Aconteceria certamente no Domingo, durante o fovoco anunciado para comemorar a presença em Tocaia Grande da mulher de Lupiscínio, cidadão merecedor.

A mulher de Lupiscínio, dona Ester, deslambida, enjoada, cabide de mazelas, não era dada a festas, nem sequer dançava. Sua diversão maior consistia em conversas com os vizinhos para comentar doenças e discutir a eficiência de mezinhas estrambóticas e de rezas infalíveis.

Durante anos dona Ester recusara-se a morar em Tocaia Grande, deixando-se ficar em Taquaras enquanto o marido e filho labutavam sem descanso nos cafundós do mundo.

 Por fim, notando que Lupiscínio rareava as idas à estação, mandando-lhe pelos tropeiros e por muito favor o necessário para as despesas, decidira vir passar uns dias com o ingrato e botar a bênção no rapazola - um menino quando acompanhara o pai para aprender com ele o ofício de carpina.

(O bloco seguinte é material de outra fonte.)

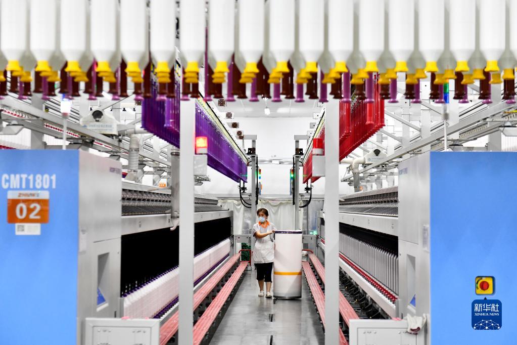 6月26日,山东正凯新材料股份有限公司工作人员在加工高端纱线。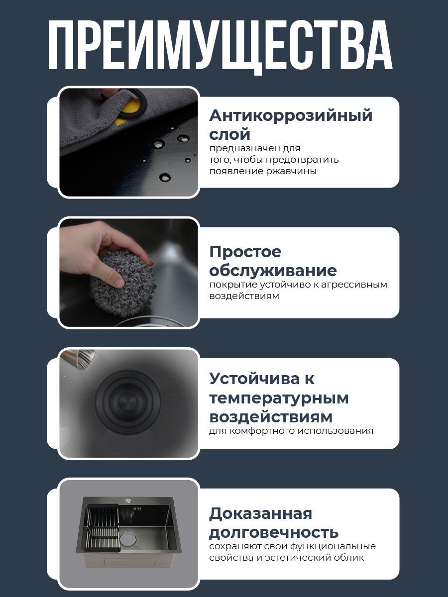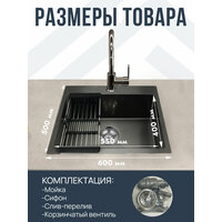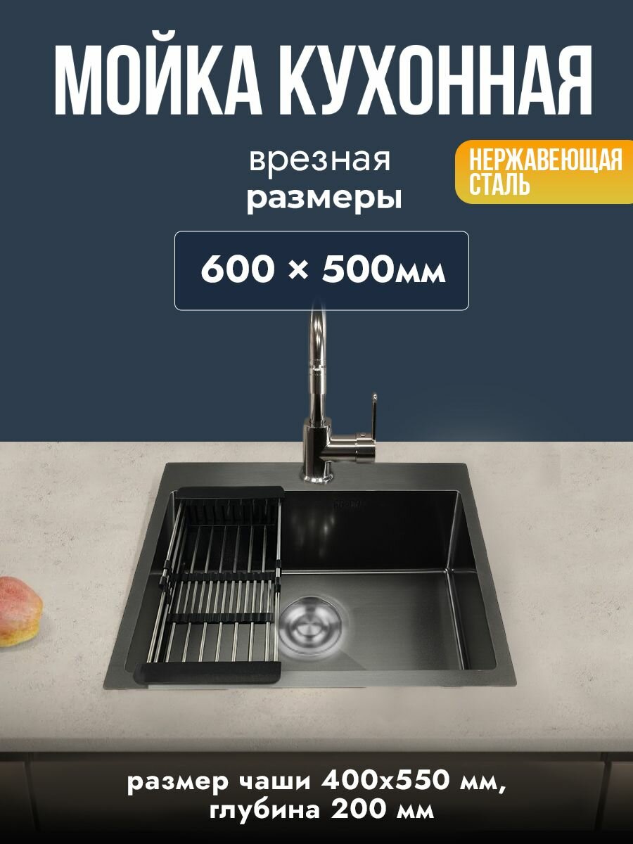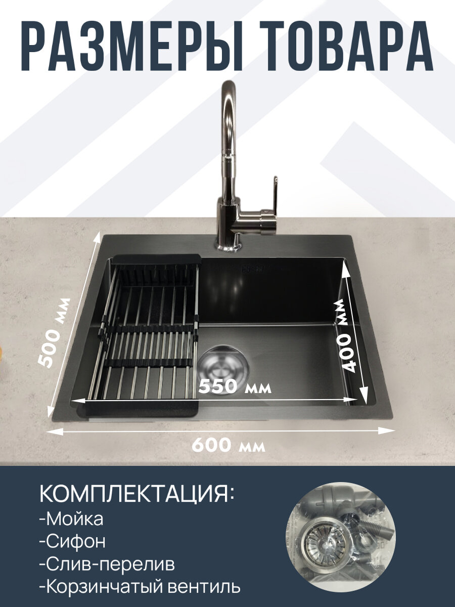 Мойка для кухни 60х50 см графит толщина 3,0 х 0,8/200 мм сифон с переливом + корзина, нержавеющая сталь, 1 шт.: сравнение цен, характеристики, фото, актуальное наличие и цены.

Habilidoso e aplicado, Zinho pretendia chegar a marceneiro e retificar como fazia mestre Guido:

 - Carpinteiro, vírgula! Dobre a língua, sou mestre marceneiro.

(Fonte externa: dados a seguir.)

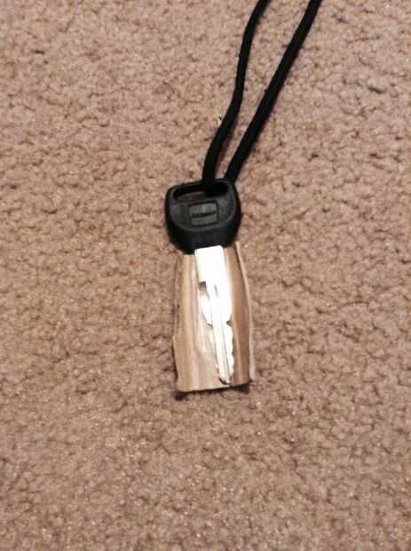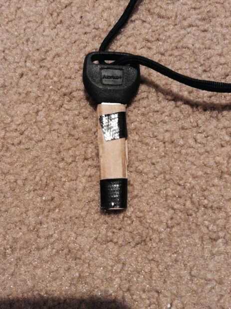Continuación tenemos que añadir la vaina de la clave tome la llave y salir. Así que tomar el cartón y envolver alrededor de la pieza clave de metal corte el extra y la cinta firmemente que la clave de lo que puede deslizar dentro y fuera.

Dona Ester não era de danças mas nem por isso o povo do lugar iria deixar de festejá-la. A ideia do arrasta-pé partira, aliás, do negro Tição, chegado, como por demais se sabe, a uma festinha, fosse qual fosse a natureza e o objectivo.

Sobretudo naquela ocasião: aproveitaria para tirar a limpo o que lhe era cada vez mais obscuro - para qual dos dois postulantes se inclinava a preferência de Diva, se é que havia preferência.

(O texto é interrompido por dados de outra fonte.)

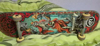 Tabla de skate completa de la marca Darkstar con un diseño llamativo. Lo compré hace unos años por 110 euros. No tiene mucho uso ya que a los dos meses de comprarla dejé de practicar skate. Lo único que le puede faltar sería engrasar los ejes por su falta de uso a lo largo de los años. Preferencia a la venta en persona. - Diseño gráfico detallado. - Ruedas y ejes incluidos.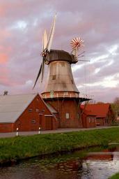 Keywords: windmill mill wing water sky clouds northern germany mood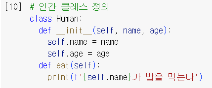 -인스턴스 변수:self.변수명= 값⤷ (* 인스턴스: 클래스란 설계도를 바탕으로 메모리에 생성된 객체)- 특징

 Difícil de saber tratando-se de criatura tão mutável e caprichosa: ora oferecida em riso, ora de sobrolho carregado, a cara amarrada, ar de zanga.

Decidiu sozinho sobre a realização da festa, sem consultar a mais ninguém ao ver assomar no Caminho dos Burros a figura sempre bem-vinda de Pedro Cigano. Tratando-se de forró, quem iria se opor?

Há muito Pedro Cigano deixara de ser o único e adulado sanfoneiro a animar os dançarás do povoado. Aos domingos apareciam outros, acompanhados de violeiros e de tocadores de cavaquinho e gaita. Mas ainda consideravam-no o melhor de todos, sem contestação.